EXERCISE DESCRIPTION: Copy out precisely the lines of the material that follows, beginning with the line containing "la cazul nominativ" and ending with its last line; exclude pictures.

DATA SHOWN:
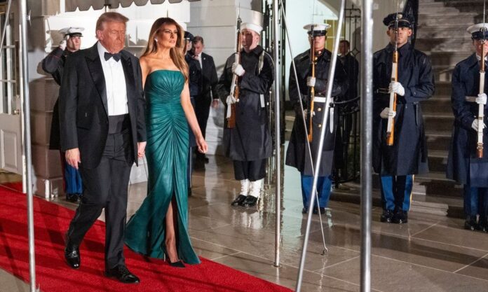 Η Πρώτη Κυρία, Μελάνια Τραμπ σε μία διακριτική όπως χαρακτηρίζεται υποστήριξη προς τον φιλοξενούμενο πρίγκιπα, εμφανίστηκε με ένα εντυπωσιακό στράπλες σμαραγδί φόρεμα, στα χρώματα της σημαίας της Σαουδικής Αραβίας, δημοιουργία του Elie Saab.
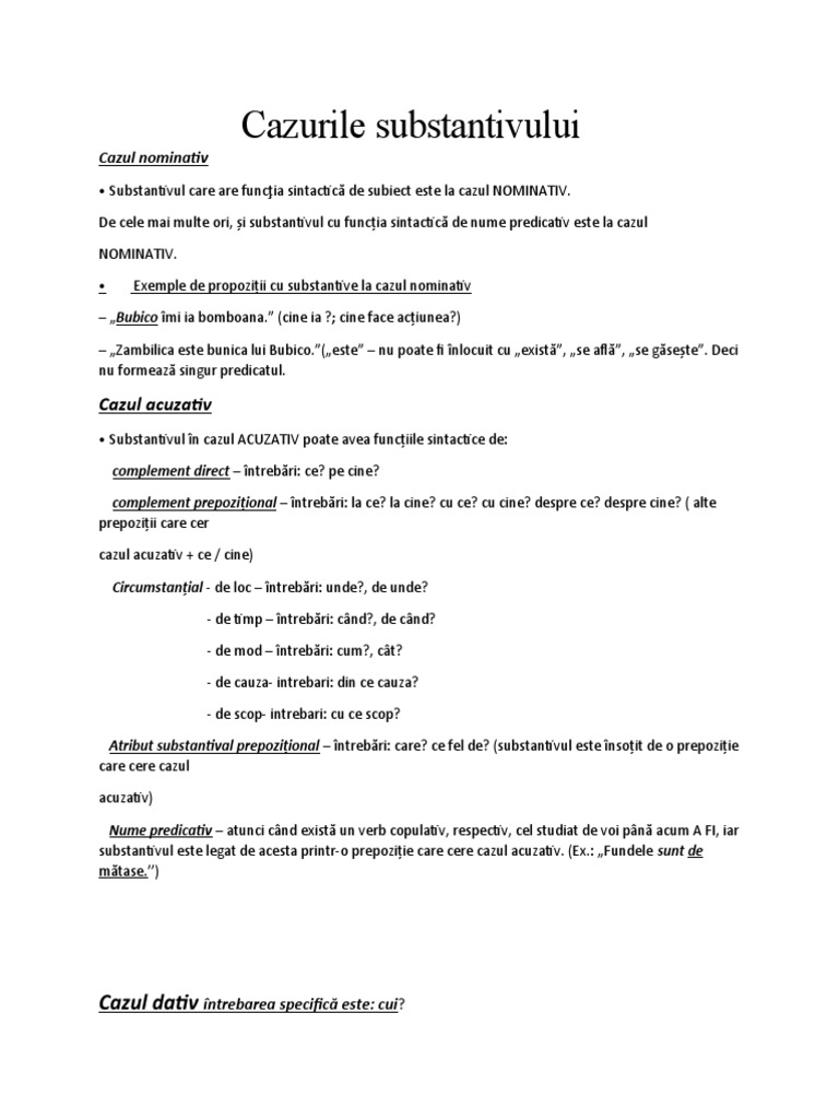 • Exemple de propoziții cu substantive la cazul nominativ
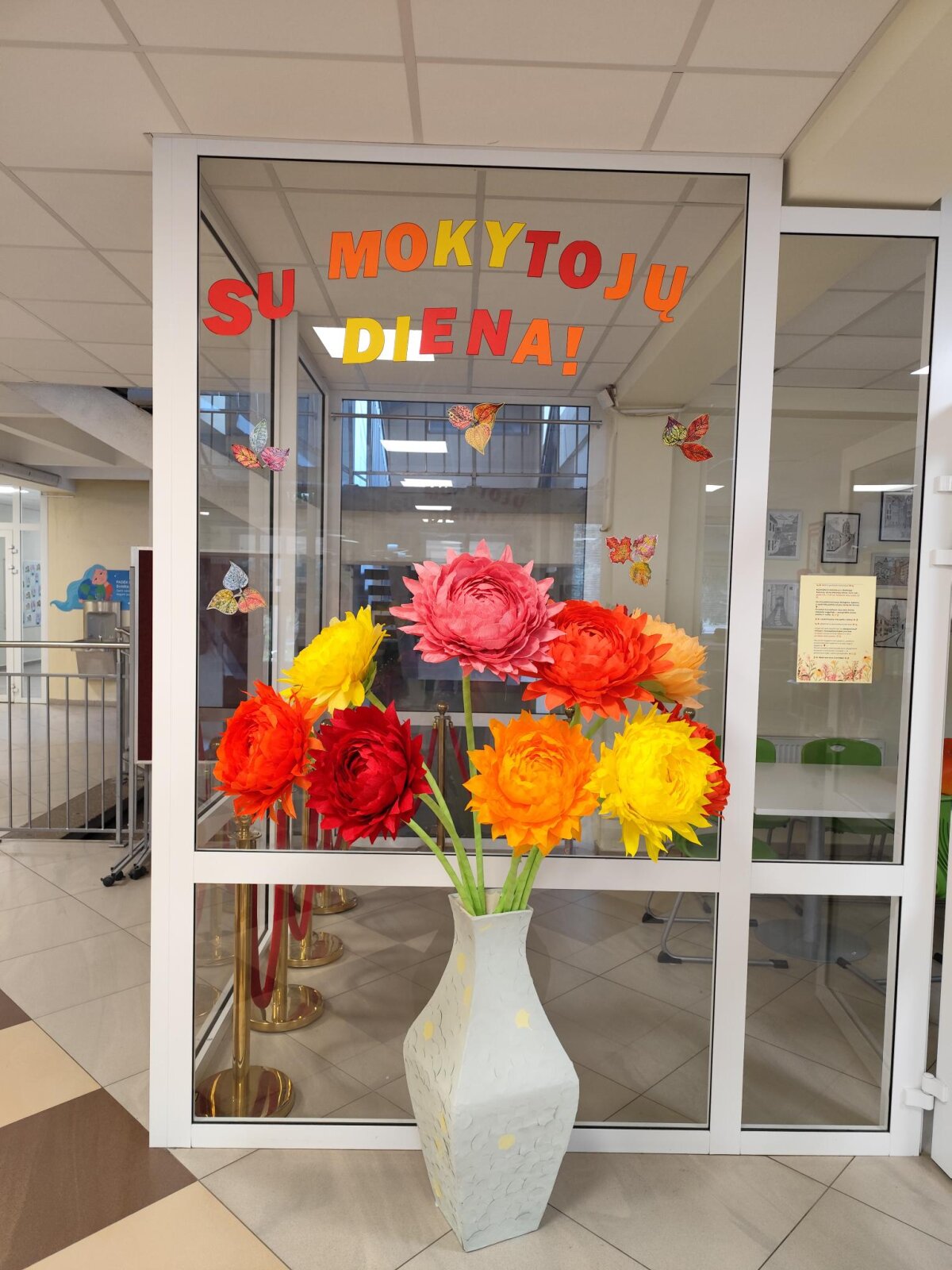 Spalio 3 dieną, minint Tarptautinę mokytojo dieną, mokykloje nuo pat ryto tvyrojo šventinė nuotaika. Mokiniai sveikino savo mokytojus, dovanojo jiems šypsenas, muziką ir šokį.

SOLUTION FOR THIS PROBLEM:
 • Exemple de propoziții cu substantive la cazul nominativ
 Spalio 3 dieną, minint Tarptautinę mokytojo dieną, mokykloje nuo pat ryto tvyrojo šventinė nuotaika. Mokiniai sveikino savo mokytojus, dovanojo jiems šypsenas, muziką ir šokį.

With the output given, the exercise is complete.